К расплавленному щелочному МПА (рН 8,0 - 8,6), приготовленному из обычного МПА путем добавления 30 см3 10-процентного раствора углекислого натрия и кипячения в течение 45 мин, остуженному до 45-50°С, добавляют по 1,5% хлористого натрия и сахарозы. Устанавливают рН 8,0-8,2 и стерилизуют при температуре 110 -112°С (0,5 атм) в течение 15 мин. После остывания среды до 45-50°С в нее добавляют 1% бромтимолблау (1,6-процентного спиртового раствора) и пенициллин из расчета 5 ЕД/см3, перемешивают и разливают в стерильные чашки Петри.

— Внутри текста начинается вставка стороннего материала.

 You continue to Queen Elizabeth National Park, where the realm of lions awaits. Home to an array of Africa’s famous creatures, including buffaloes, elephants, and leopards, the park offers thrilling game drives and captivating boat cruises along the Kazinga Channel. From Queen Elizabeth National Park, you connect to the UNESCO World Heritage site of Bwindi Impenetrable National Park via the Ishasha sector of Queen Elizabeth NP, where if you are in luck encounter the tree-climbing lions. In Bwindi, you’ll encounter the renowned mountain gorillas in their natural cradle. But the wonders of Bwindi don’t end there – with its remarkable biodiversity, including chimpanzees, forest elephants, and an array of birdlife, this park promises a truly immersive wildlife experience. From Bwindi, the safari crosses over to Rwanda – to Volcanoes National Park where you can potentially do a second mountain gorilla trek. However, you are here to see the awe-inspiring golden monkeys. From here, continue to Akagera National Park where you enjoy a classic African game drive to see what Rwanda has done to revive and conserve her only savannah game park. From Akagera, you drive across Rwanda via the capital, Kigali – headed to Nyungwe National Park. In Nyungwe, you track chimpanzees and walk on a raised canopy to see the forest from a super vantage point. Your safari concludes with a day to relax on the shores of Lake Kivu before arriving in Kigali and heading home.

Среду, имеющую сине-зеленый цвет, сохраняют при температуре 4 - 8°С и используют в течение 2 недель.
1.4. Среда Меллера состоит из пептона 5,0 г, мясной воды (1 кг мяса на 1 литр дистиллированной воды) - 5 см3, бромкрезолпурпура (1,6%)) - 0,6 см3, крезолрота (0,2%о) -2,5 см3, d- глюкозы - 0,5 см3, пиридоксина - 5 мг (можно взять витамин b6), дистиллированной поды до 1000 см3. Учитывая галофильность вибрионов в среду добавляют 1%) хлористого натрия и устанавливают рН 6-6,2.
Для приготовлении среды все компоненты растворяют в дистиллированной воде при нагревании, устанавливают рН среды 6,0 и разделяют на четыре части, в три из которых добавляют по одной аминокислоте - соответственно аргинин, орнитин, лизин. Если аминокислоты в l-форме, тогда достаточно 1%, если - в dl-форме - 2%. После добавления аминокислот, перед стерилизацией устанавливают рН 6,2. Среды разливают по 2-3 см3 в пробирки и стерилизуют при температуре 121°С (1 атм) в течение 10 мин.

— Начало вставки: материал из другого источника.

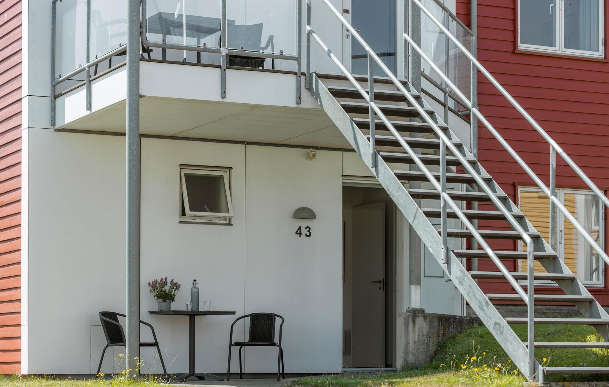 Til lejligheden hører to terrasser. Den ene er foran indgangsdøren, den anden er ved siden af stuen, så I kan finde sol, skygge og læ efter behov i løbet af dagen. Herfra kan I også spejde ud over havet, som kun er en kort gåtur væk.
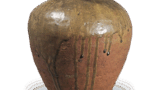 信楽茶碗 信楽信楽茶碗 2019.05.302024.01.23 信楽茶碗 高さ9.0cm 口径10。0×10.7cm 鳥台径4.8cm 半筒形の茶碗で腰をまるく、高台も素直に削り出されています。胴にくびれがあり、全体にややひずんでいます。高台畳付に糸切りの跡が残っています。口部から内外に灰釉がなだれるように降りかかり、土膚は赤くやわらかく焼き上がっています。信楽茶碗としてはやや古格を感じさせるもので、桃山時代の作でしょう。
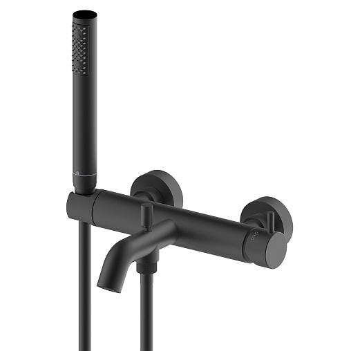 Teo, настенный смеситель, неповоротный излив, лейка в комплекте, чёрный цвет, матовый, арт. Z00724.073, Bossini

1.5. Среда с мочевиной (Кристенсена)
В состав среды входит: пептон - 1,0 г; фосфат калия однозамещенный - 2,0 г; хлористый натрий - 5,0 г; глюкоза - 1,0 г; агар -20,0 г; мочевина - 20,0 г; фенолрот - 0,012 г; дистиллированная вода 1000 см3, рН среды 6,8.
Промытый агар расплавляют в воде при нагревании. Затем в среду вносят пептон, соли, глюкозу, доводят ее до кипения и добавляют фенолрот, предварительно растворенный в растворе едкого натрия. Среду в объеме по 5 см3 разливают в пробирки и стерилизуют при температуре 110-112°С (0,5 атм) в течение 20 мин. После охлаждения среды до температуры 50°С в каждую пробирку добавляют по 0,5 см3 20%-нoгo раствора мочевины (20 г мочевины растворяют в дистиллированной воде и кипятят 30 мин на водяной бане). Приготовленную среду скашивают. Цвет среды зеленовато-желтый. При защелачивании цвет среды меняется до красно-фиолетового.